MST of _Shine_

A song by The Newsboys
MSTed by Nyperold

(The song itself is in bold.)

DISCLAIMER: Mystery Science Theater 3000, its characters, "Shine", and anything I reference are properties of their respective owners. No profit is being made from this work of MSTing. No offense is intended to... anyone, really.)

(MST3K Theme - take your pick, as long as Joel's in it)

(SOL Bridge. Joel and the 'bots are sitting around a campfire in a room made up like the Australian outback. (Upon closer inspection, the "wood" is fireproof and there's a gas line running from the fire to a propane tank.) There's a barbeque on the fire with tofu "shrimp" on it. They're sitting around singing "Waltzin' Matilda".)
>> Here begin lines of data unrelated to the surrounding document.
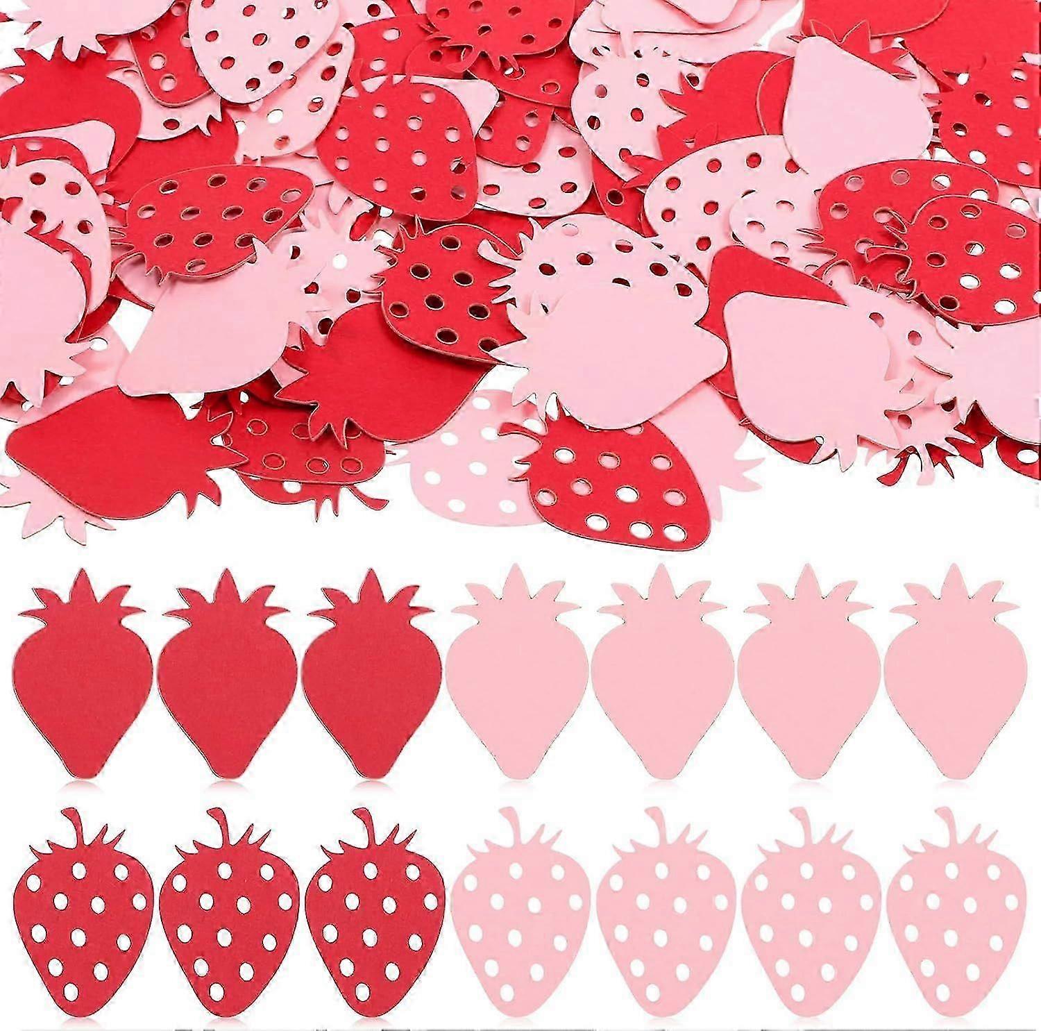 100 pink strawberry confetti, featuring pink and red strawberry patterns, perfect for birthday party decorations and baby shower decorations.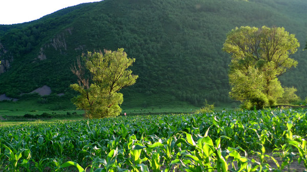 夕陽下的老柵子村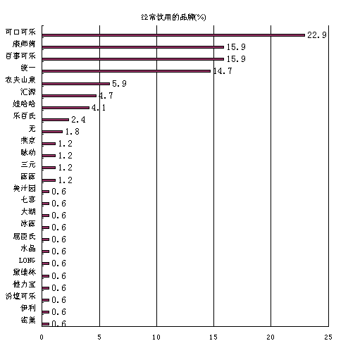 1、在消费量方面,可口可乐依然是龙头老大,以23%的消费面匹马领先。紧随其后的,是康师傅、百事可乐,皆为16%,统一为15%,三者不相上下鼎足而立。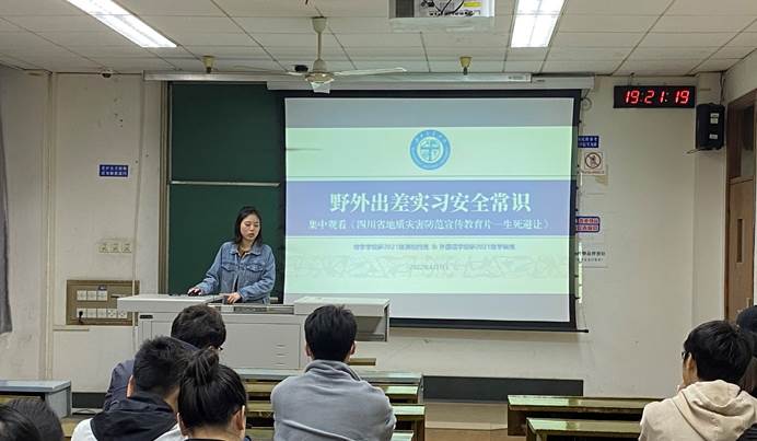 此外,陈雅雪同学还通过播放《四川省地质灾害防范宣传教育片—生死避让》,向同学们介绍地质灾害对生命财产安全的严重威胁,并讲解了面对地质灾害时的紧急应对措施。
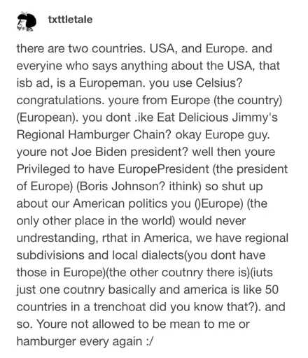 there are two countries. USA, and Europe. and everyine who says anything about the USA, that isb ad, is a Europeman. you use Celsius? congratulations. youre from Europe (the country)(European). you dont .ike Eat Delicious Jimmy’s Regional Hamburger Chain? okay Europe guy. youre not Joe Biden president? well then youre Privileged to have EuropePresident (the president of Europe) (Boris Johnson? ithink) so shut up about our American politics you ()Europe) (the only other place in the world) would never undrestanding, rthat in America, we have regional subdivisions and local dialects(you dont have those in Europe)(the other coutnry there is)(iuts just one coutnry basically and america is like 50 countries in a trenchoat did you know that?). and so. Youre not allowed to be mean to me or hamburger every again :/

ALL: (off-key and ritardo) ...you'll come a Waltzin' Matilda with meeeeeee...
TOM: That's a great song, Joel, can we sing it again?
JOEL: Sure, Tom, let's... (looks at screen) 'ello! We're pretendin' it's noighttime in the outback, and we're just relaxing and throwin' a few shrimp on the barby!
CROW: Nice Ozzie accent, Joel... (snickers) ... of course, we who can't appreciate the delightful taste of tofu shrimp are chowing down on microfilm and a few megs of meg... er, RAMs of meg... uh... megs of RAM.
TOM: Fiche and chips!
CROW: That... was painful.
JOEL: Ooogh. Not as painful as the taste of these "shrimp". Oh, the Mads are calling. (pushes button)

(DEEP 13. Dr. Forrester is looking at Joel and the 'bots with his arms crossed. Frank is standing perfectly still, in a zombie-like state.)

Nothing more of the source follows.